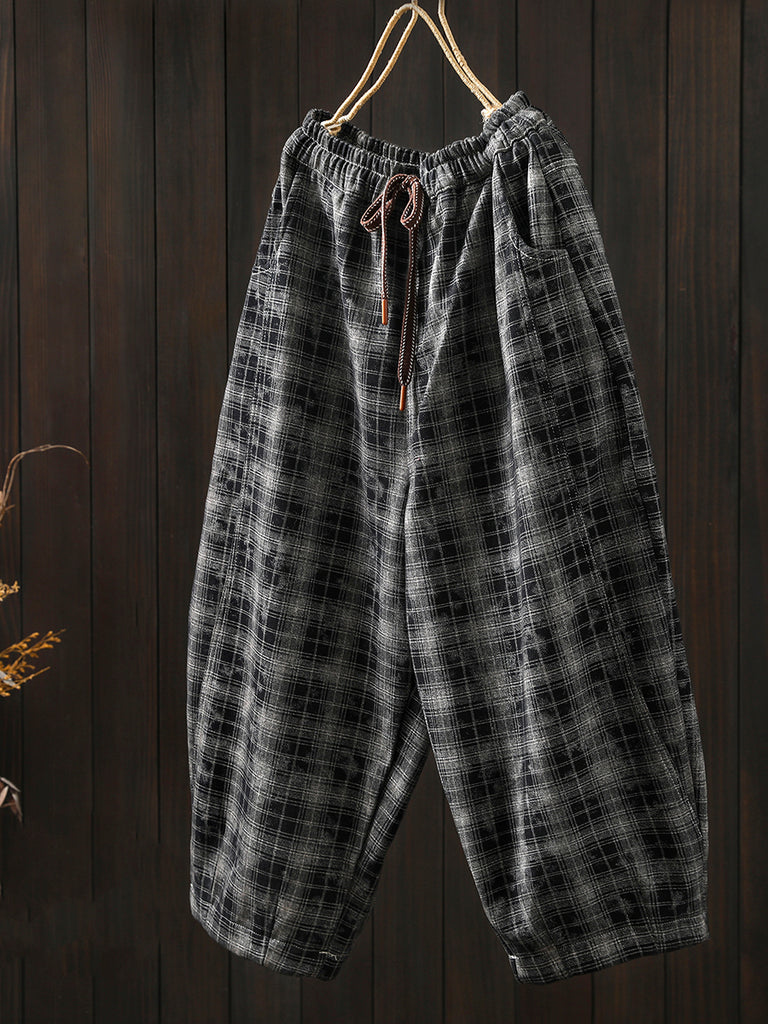 Pantaloni harem invernali da donna con fodera in pile a quadri retrò
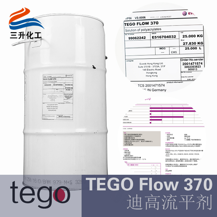 以下為三升貿易暢銷產品,贏創(chuàng)德固賽迪高助劑流平劑的TEGO Flow 370流平劑 ,TEGO Flow 370流平劑非常適用于薄膜類涂料表面,優(yōu)異的耐高溫熱穩(wěn)定性,能夠達到220℃。
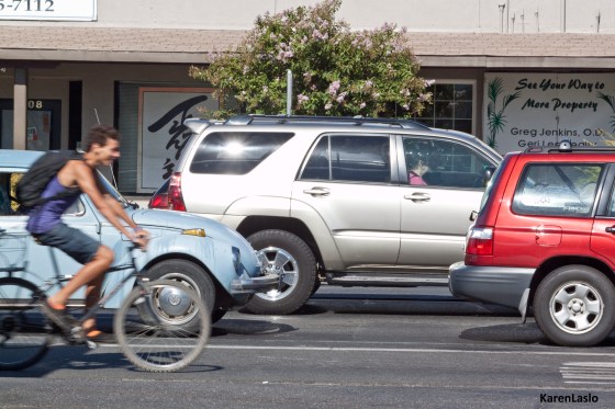 Bike commuter during rush hour traffic on Mangrove Ave.
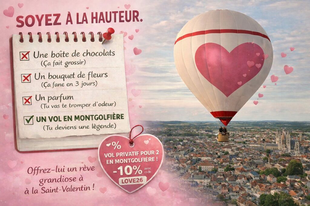 Le vol en montgolfière de +/- 1 heure pour 4 adultes suivant les conditions météos, les endroits d’atterrissage et de l’heure du coucher du soleil ;
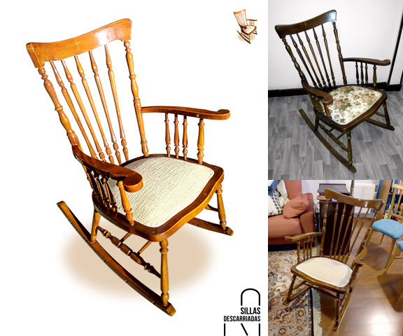 Mecedora. Tapizada en chenilla perla y barnizada color roble. Encargo.
--- --- ---
TRY IT: Without the pictures, write out every entry exactly as it appears.

RESULT OF THE TASK:
 Pantaloni harem invernali da donna con fodera in pile a quadri retrò
 以下為三升貿易暢銷產品,贏創(chuàng)德固賽迪高助劑流平劑的TEGO Flow 370流平劑 ,TEGO Flow 370流平劑非常適用于薄膜類涂料表面,優(yōu)異的耐高溫熱穩(wěn)定性,能夠達到220℃。
 Bike commuter during rush hour traffic on Mangrove Ave.
 Le vol en montgolfière de +/- 1 heure pour 4 adultes suivant les conditions météos, les endroits d’atterrissage et de l’heure du coucher du soleil ;
 Mecedora. Tapizada en chenilla perla y barnizada color roble. Encargo.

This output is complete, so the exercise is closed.